Cells were lysed in lysis buffer containing 1 mM PMSF, 2 μg/mL leupeptin, 5 μg/mL aprotinin, and 1 mM EDTA. We applied 20 μg of the whole cell lysate proteins to each lane and analyzed them with Western blot. Western blot analysis was performed using monoclonal antibodies against mouse TrxR1 and monoclonal antibody against rabbit GAPDH. Horseradish peroxidase-conjugated anti-IgG antibodies were used as the secondary antibody to detect the relevant protein bands by enhanced chemiluminescence WESTSAVE-Up TM (AbFrontier, Seoul, Korea).

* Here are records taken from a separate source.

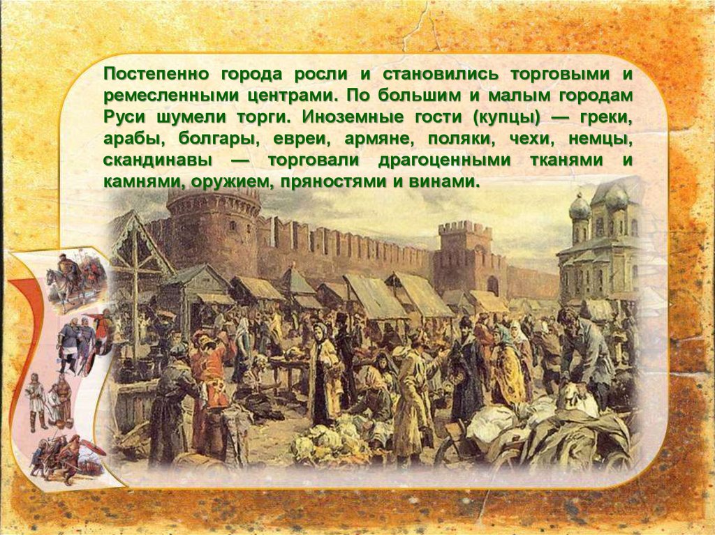 Постепенно города росли и становились торговыми иремесленными центрами. По большим и малым городам
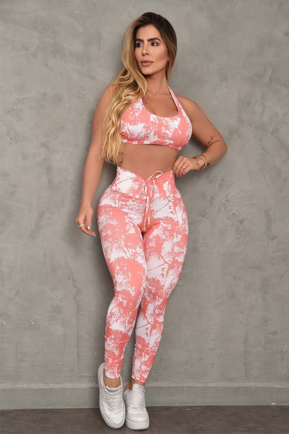 Conjunto fitness com estampa abstrata em tom de salmão. Top com costas nadador e amarração, confere sustentação no busto e o caimento fica perfeito no corpo. A legging é bem justa e fica super charmosa. Look perfeito pra qualquer ocasião.
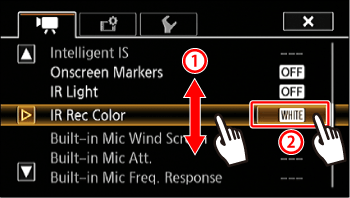 Drag your finger up and down bring [IR Rec Color] into the orange selection bar,
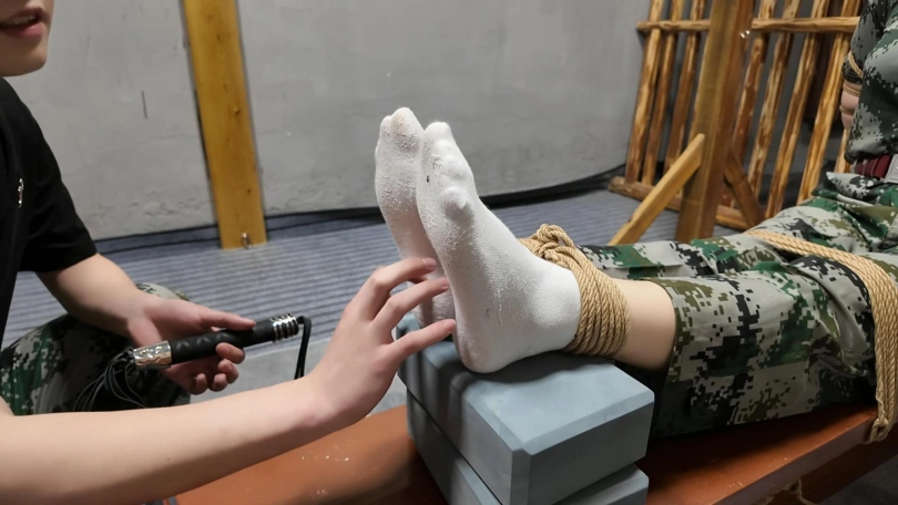 特战队员接受捆绑训练,没想到教官是敌方卧底,被绑到老虎凳上面折磨,又被吊起来折磨,实在受不了,说出了另外一个队员地址,人贩集团又按照地址抓了另外一个队员,又是老虎凳,吊起来折磨,挠脚心,这次是新演员参演
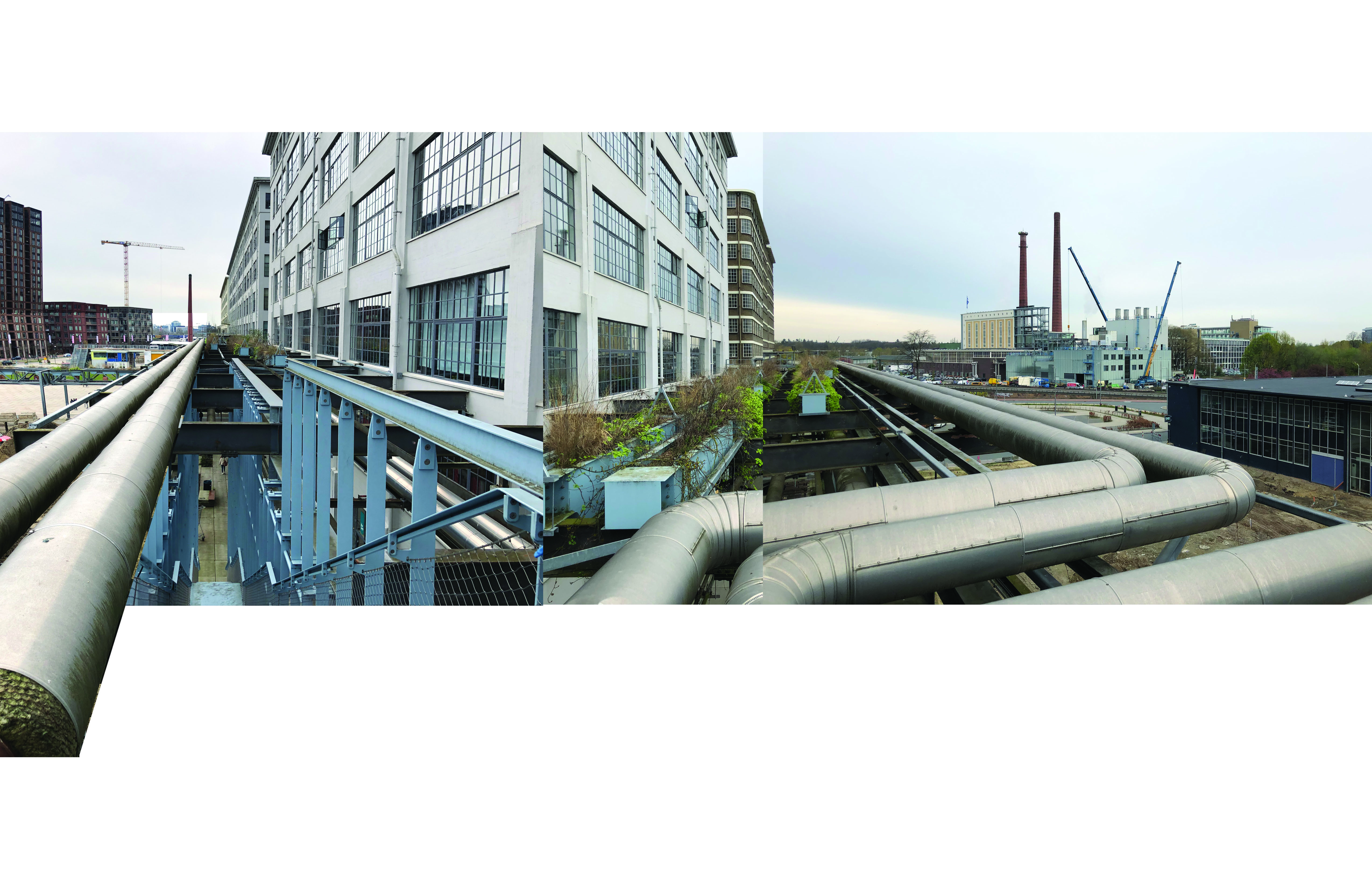 Preservation and redevelopment of Strijp S industrial buildings. The revitalization includes an elevated path and lookout points, retrofitted infrastructure used as planting beds, and mixed use shopping, office space, and residential.
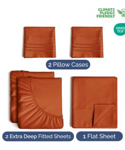 Juego de sábanas extraprotección para cama Split King – Juego de 5 piezas. Este juego de sábanas extraprotección para cama Split King es perfecto para colchones con almohadilla doble y colchones muy profundamente ajustados. Las sábanas son de microfibra, lo que las hace suaves y ligeras. El juego incluye una sábana plana de 113 pulgadas de ancho y 102 pulgadas de largo, una sábana ajustable de 39 pulgadas de ancho y 80 pulgadas de largo con bolsillos de 21 pulgadas, y dos fundas de almohada extragrandes de 20 x 40 pulgadas con un hermoso diseño de bordado. Estas sábanas son ideales para mantenerse ajustadas en todo momento y ofrecer una sensación de lujo y comodidad. ¡Haz que tu cama sea el lugar perfecto para relajarte con este juego de sábanas de lujo!
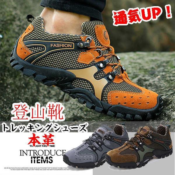 トレッキングシューズ メンズ 登山靴 本革 メッシュ ランニングスニーカー メッシュシューズ アクティブシューズ 靴 厚底 衝撃吸収 柔軟 通気 送料無料 dengsen0005 服屋123 通販 yahoo ショッピング
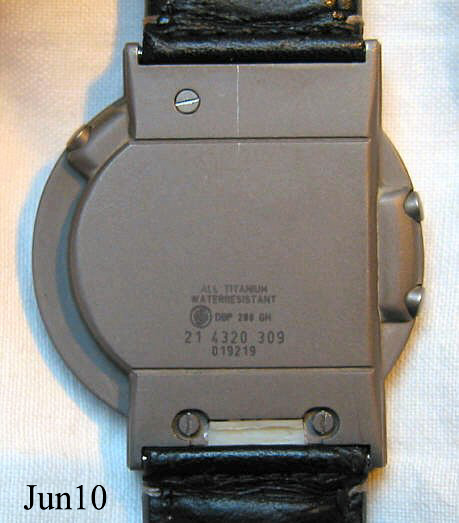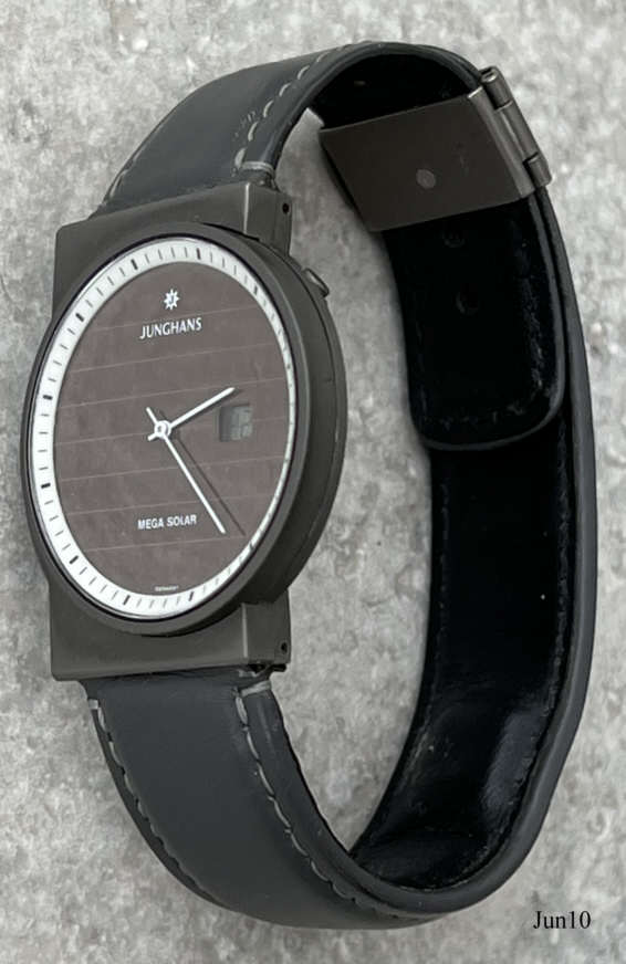 Eine Junghans Mega Solar Armbanduhr mit Kalender und Titangehäuse. Das Zifferblatt ist eine große Solarzelle, die bei Sonnen Einstrahlung Strom erzeugt und in einem Kondensator speichert. Dieser Kondensator treibt dann eine normale Funkuhr an, die die Signale der DCF77 Uhr empfängt und umsetzt. Inschrift vorn: ”Junghans, Mega Solar, Germany”, hinten: ”All Titanium, Waterresistant, DBP 288 GH, 21 4320 309, 019219”. Graues Lederarmband mit eingebauter Antenne. Die Digitalanzeige zeigt wahlweise die Sekunden oder das Datum.
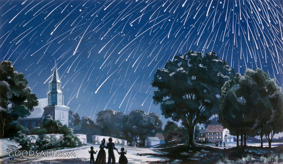 Meteor Shower of 1833 in Virginia Matthew 24:29 Mark 13:25 Revelation 6:13 falling, meteor, shower, end, last, signs, times, stars, days, heavens, 1833, pacific press publishing PROJECTION - License for PowerPoint™ PRINT – buy a print of this picture; optional frame Bible Hub |
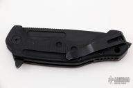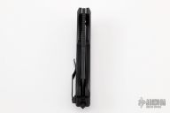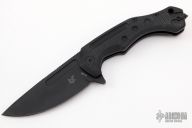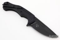 This FX-520 by Fox Cutlery features a black blade with notched thumbrest, fullers and flipper. The handle has black G-10 scales and backspacer, black stainless steel liners and tip up clip. Nice detent, lockup and blade seating. Has some light scuffs on the blade, otherwise excellent condition.
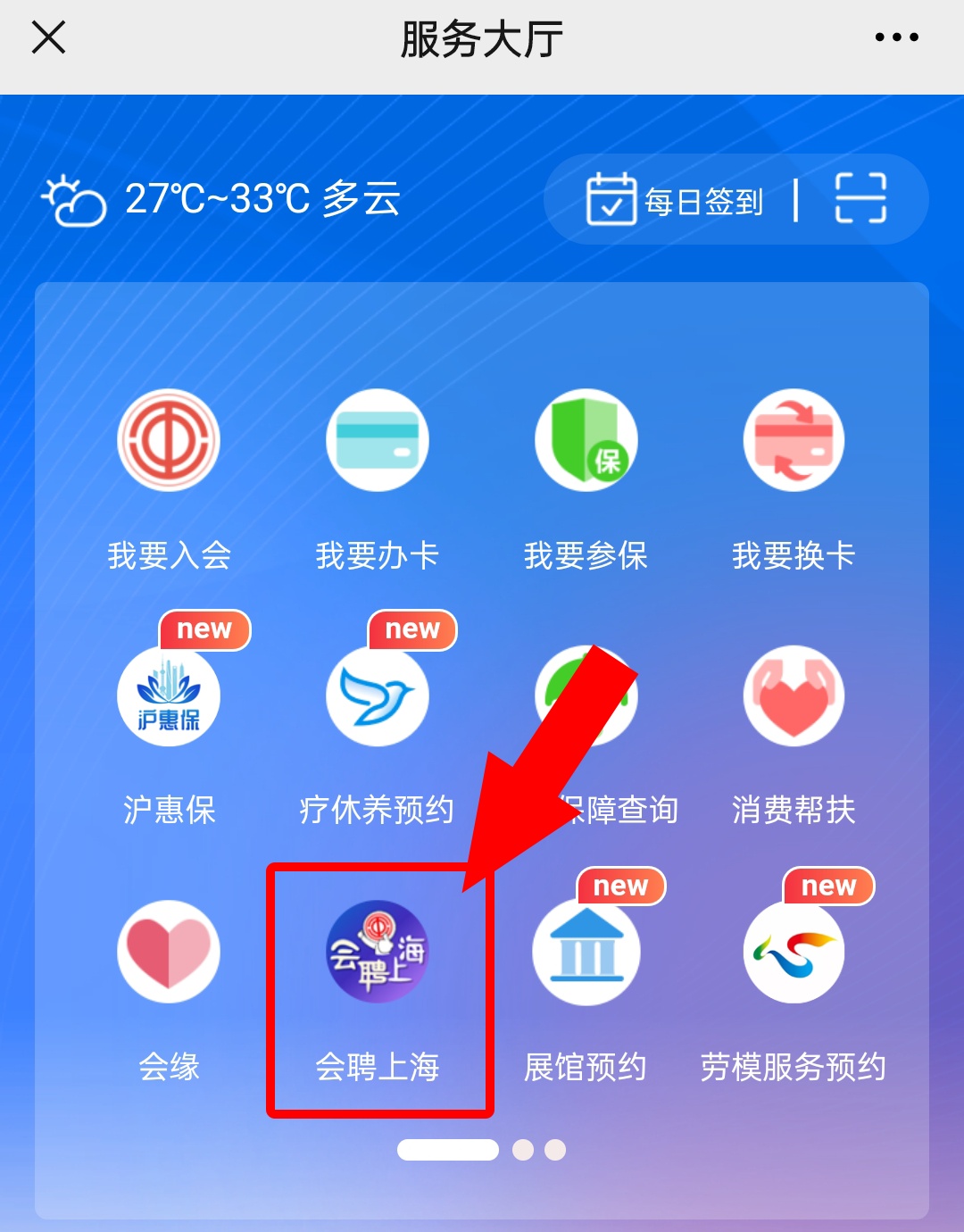 打开申工社微信【服务大厅】,找到【会聘上海】点击进入
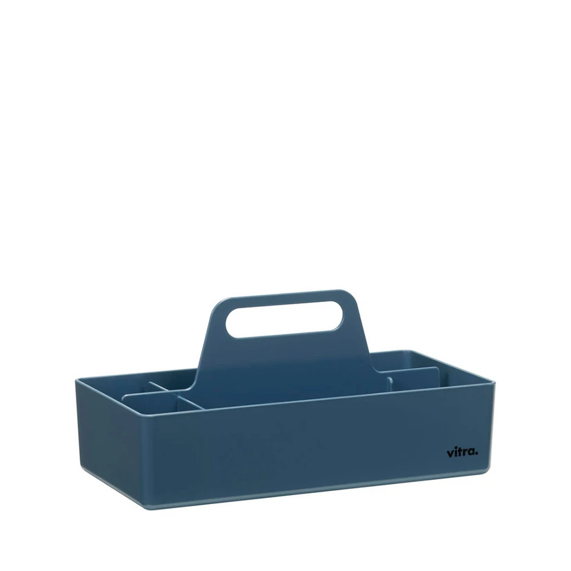 Toolbox RE Sea Blå fra Vitra er den ideelle løsning til dig, der ønsker en praktisk og stilfuld værktøjskasse til organisering og transport af små arbejdsredskaber og tilbehør. Denne smarte opbevaringskasse er fremstillet af postindustriel genanvendt ABS-plast, hvilket gør den både miljøvenlig og 100 % genanvendelig, når den engang har udtjent sin funktion. Den blå farve tilføjer et friskt pust til dit arbejdsområde, selvom der kan forekomme små farvevariationer fra produkt til produkt på grund af det genanvendte materiale. Toolbox RE er designet til midlertidig udendørs brug, men vi anbefaler at undgå længerevarende eksponering for regn, sne eller direkte sollys. Den kan dog sagtens opbevares i overdækkede udendørsområder, hvor den er beskyttet mod vejret. Uanset om du bruger den i hjemmet, værkstedet eller haven, vil denne værktøjskasse fra Vitra være en uundværlig hjælper i din hverdag.
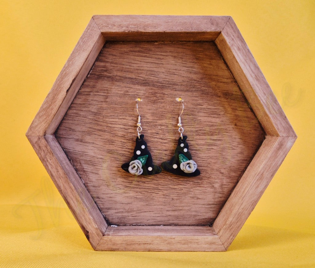 Add a touch of elegance to your Halloween costume with our Witch hat earrings. Handmade with lightweight and durable .925 silver earhooks, these earrings are adorned with a delicate rose for a subtle twist. Perfect for any witch or gothic look.
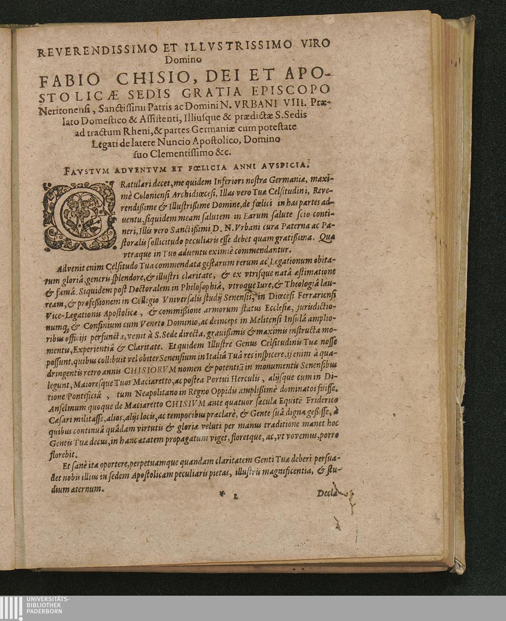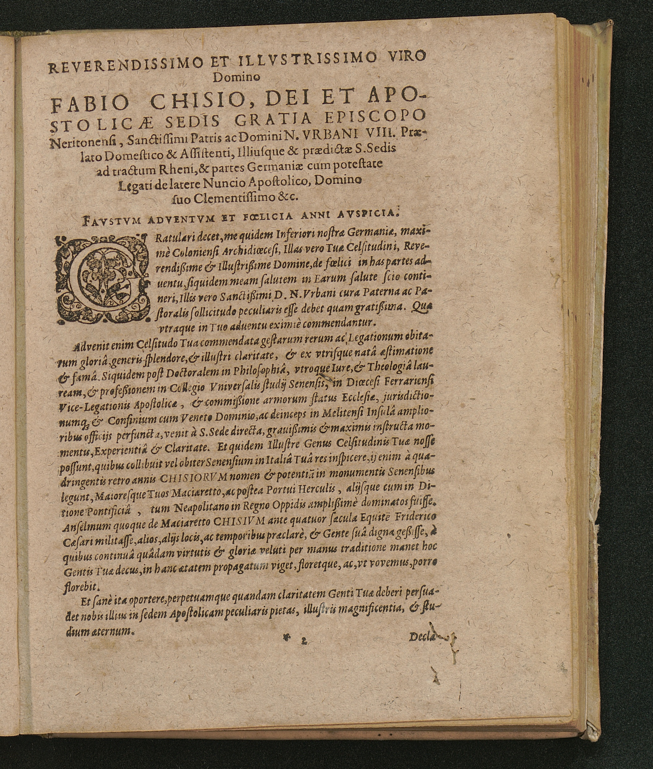 Reverendissimo et Illvstrissimo Viro Domino Fabio Chisio, ...
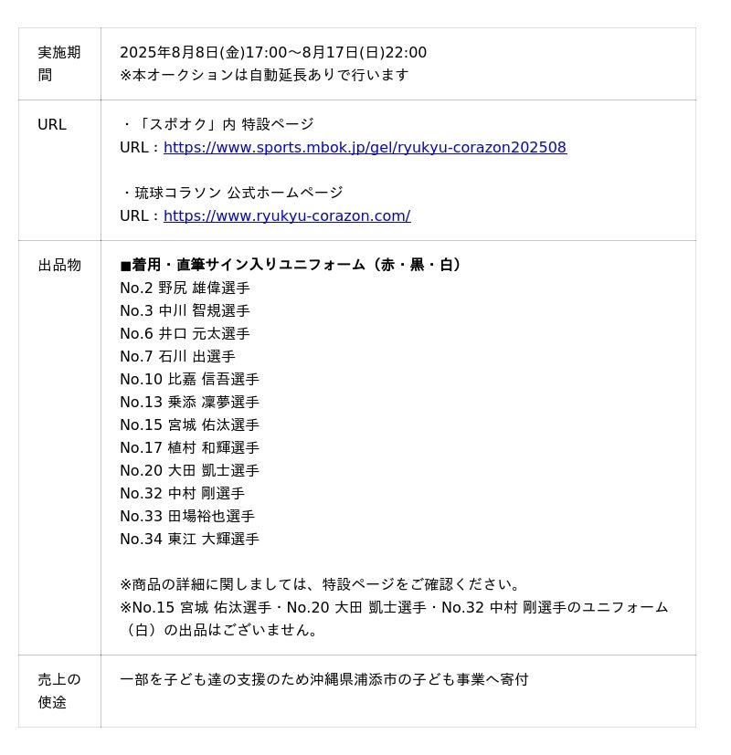 【2024-25シーズン 琉球コラソンサンクスオークション 概要】
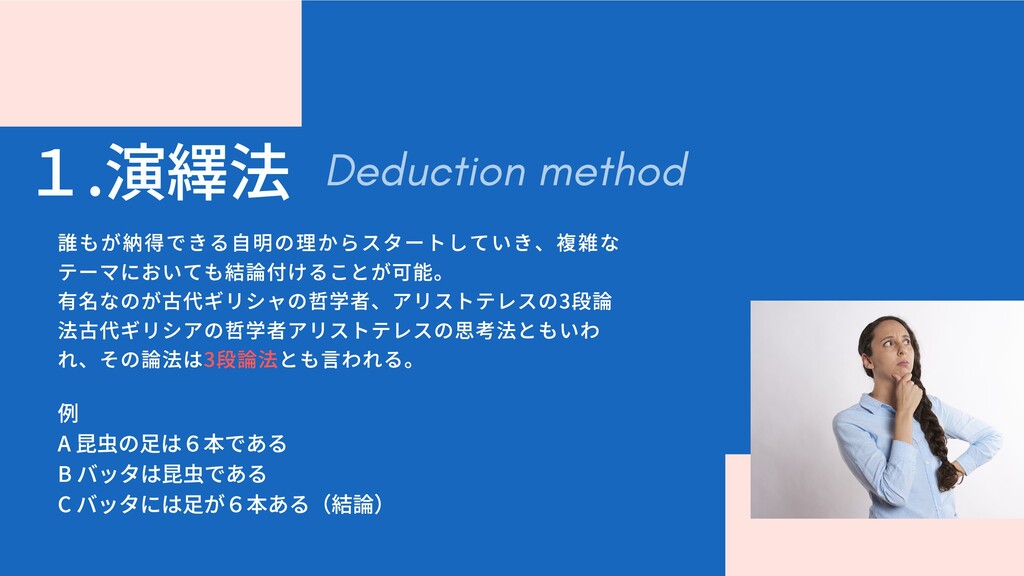 1.演繹法 誰もが納得できる⾃明の理からスタートしていき、複雑な テーマにおいても結論付けることが可能。 有名なのが古代ギリシャの哲学者、アリストテレスの3段論 法古代ギリシアの哲学者アリストテレスの思考法ともいわ れ、その論法は3段論法とも⾔われる。 例 A昆⾍の⾜は6本である Bバッタは昆⾍である Cバッタには⾜が6本ある(結論)
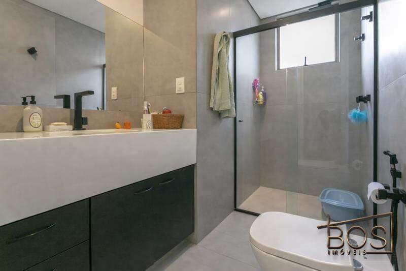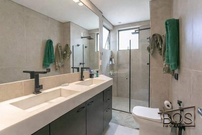 - Banheiros (social e suíte) com box em blindex, armários e espelhos.
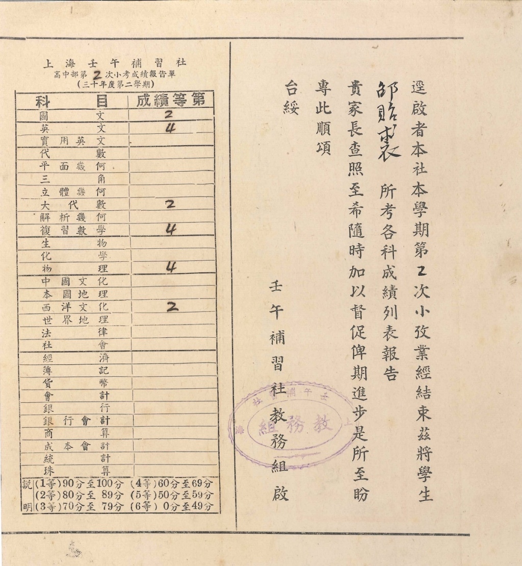 在解读这一成绩报告单之前,有必要对壬午补习社这一机构作一介绍。1941年底太平洋战争爆发后,日军进入租界,光华大学为应对时局之变,对学校建制作出重大调整,名义上停办了沪校大学部及附中部,而改设诚正文学社、格致理商学社、壬午补习社,使得大中学生得以继续学业,同时维系学校命脉。这里的壬午补习社其实就是光华大学附中改头换面的另一个名称而已,其办学地点与师生均没有改变。弄清楚壬午补习社就是光华附中的这一事实之后,关于邵贻裘1938年以后是不是继续在光华高中读书的问题也就不言自明了。

2.5. RNA Isolation and Reverse Transcriptase-Polymerase Chain Reaction

Cells were seeded in a 100 mm diameter plate containing M199 medium. After 24 h, KRG was added to a final concentration of 1 mg/mL and the cells were incubated for 18 h. RNA extraction was performed using 1 mL TRIzol reagent. The RNA pellets were washed in 70% ethanol, dried completely, and dissolved in diethylpyrocarbonate treated water to inhibit RNase. Total RNA was quantified using a ND-100 spectrometer (NanoDrop Technologies, Wilmington, DE). Polymerase chain reaction was performed using the synthesized cDNA as a template and primers specific for TrxR1, or β-actin, as a loading control. The primer sequences for human TrxR1 were 5′-GAAGATCTTCCCAAGTCCTATGAC-3′ (forward) and 5′-ATTTGTTGCCTTAATCCTGTGAGG-3′ (reverse) [30]. The amplified products were resolved by 1% agarose gel electrophoresis, stained with ethidium bromide, and photographed under ultraviolet light.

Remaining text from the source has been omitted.